Diego García Moreno. Variaciones sobre una foto en Waynapichu.

Marzo 9 de 2014

viernes, 7 de marzo de 2014

Posando en Machupichu.

Disparen, disparen, mátenme hijueputas. A pesar del ahogo y la tembladera de piernas tras jijuemil escalones de piedra, primero, para llegar al Machupichu y, después, a la cima del Waynapichu, abrí los brazos, cerré los ojos, respiré fuerte y me dije “¡No te vas a resbalar, enfrentálos!”. Que disparen si son verracos. Yo ya me morí hace rato.
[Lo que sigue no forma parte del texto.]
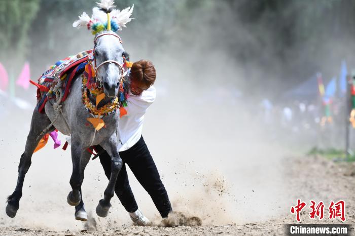 7月24日,在西藏自治區(qū)拉薩市曲水縣曲水鎮(zhèn)茶巴朗村村民身著節(jié)日盛裝進行賽馬和馬術(shù)表演歡度“望果節(jié)”。“望果節(jié)”已有1500多年的歷史,是國家級非物質(zhì)文化遺產(chǎn),流行于西藏拉薩、日喀則、山南等地。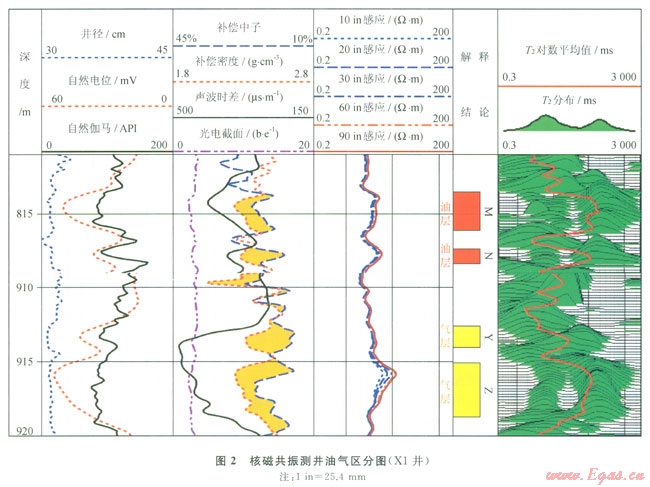 2X1井的核磁共振測井油氣區(qū)分圖,M、N層的T2譜具有較明顯的拖尾現(xiàn)象,部分信號超過了1000ms,判別為油層;Y、Z層的T2譜弛豫時間則基本小于1000ms,判別為氣層。核磁共振測井區(qū)分油氣效果較好,但由于價格昂貴且測速慢,只有少部分井的重點層段進行了核磁共振測井,因此該方法難以廣泛使用。

Después de semejante infarto y no sé cuántos días de cuidados intensivos, si no me desbaraté en esta trepada es porque yo ya me fui. Estoy del otro lado, ya no hay vergüenza. Les puse pose de Ediciones Paulinas y esperé, pero nada. Como que se asustaron. Volvieron a sus guaridas, se escondieron en las caletas enmarañadas que habitan desde que los abandonaron sus naves. Ellos no acostumbran mostrarse. Pero esa mañana la bruma era tan espesa que creyeron que nadie los vería. Pero se rasgó la neblina y ahí  quedaron, expuestos al natural como una realidad espantosa. Pobres navegantes cósmicos convertidos en cargadores de piedra para un imperio alucinado con el brillo del sol, y, ahora, en cazadores esporádicos de humanoides rezagados de una procesión interminable de turistas desvalidos. Después de perder a sus amos en antiguas invasiones de conquistadores burdos que adoraban un metal dorado, estas pobres criaturas desconocedoras del mundo, cobardes y poco curiosas, quedaron condenadas a cazar lechuzas en la noche con unos arcos destemplados y, cuando la madrugada les recuerda la atmósfera lechosa de su mundo, roedores dormidos en las bocas de sus madrigueras. Disparen, disparen, pero no pasó nada. Cuando volví a abrir los ojos solo atiné a ver una manada de turistas mirando hacia el abismo, tomándose fotos con un fondo de ruina de piedras a lo lejos, y repitiendo en muchas lenguas ¡“Qué hijueputa belleza”!


Diego García-Moreno 2014 
He sido un cultivador de cartas... pero se extinguen los huertos, las postales, los destinos. Busco materos, balcones, ventanas, lienzos libres donde pueda sembrar mis dudas, mis palabras, las cascadas de imagen que a veces se me ocurren. Dale hombre, me han dicho algunas fieles amistades, invéntate un blog, escribe. Ya verás que es un buen andén para compartir tu risa, tu silencio, tus desdichas. Curioso, dócil, ingenuo, acepto jugar a lo impreciso.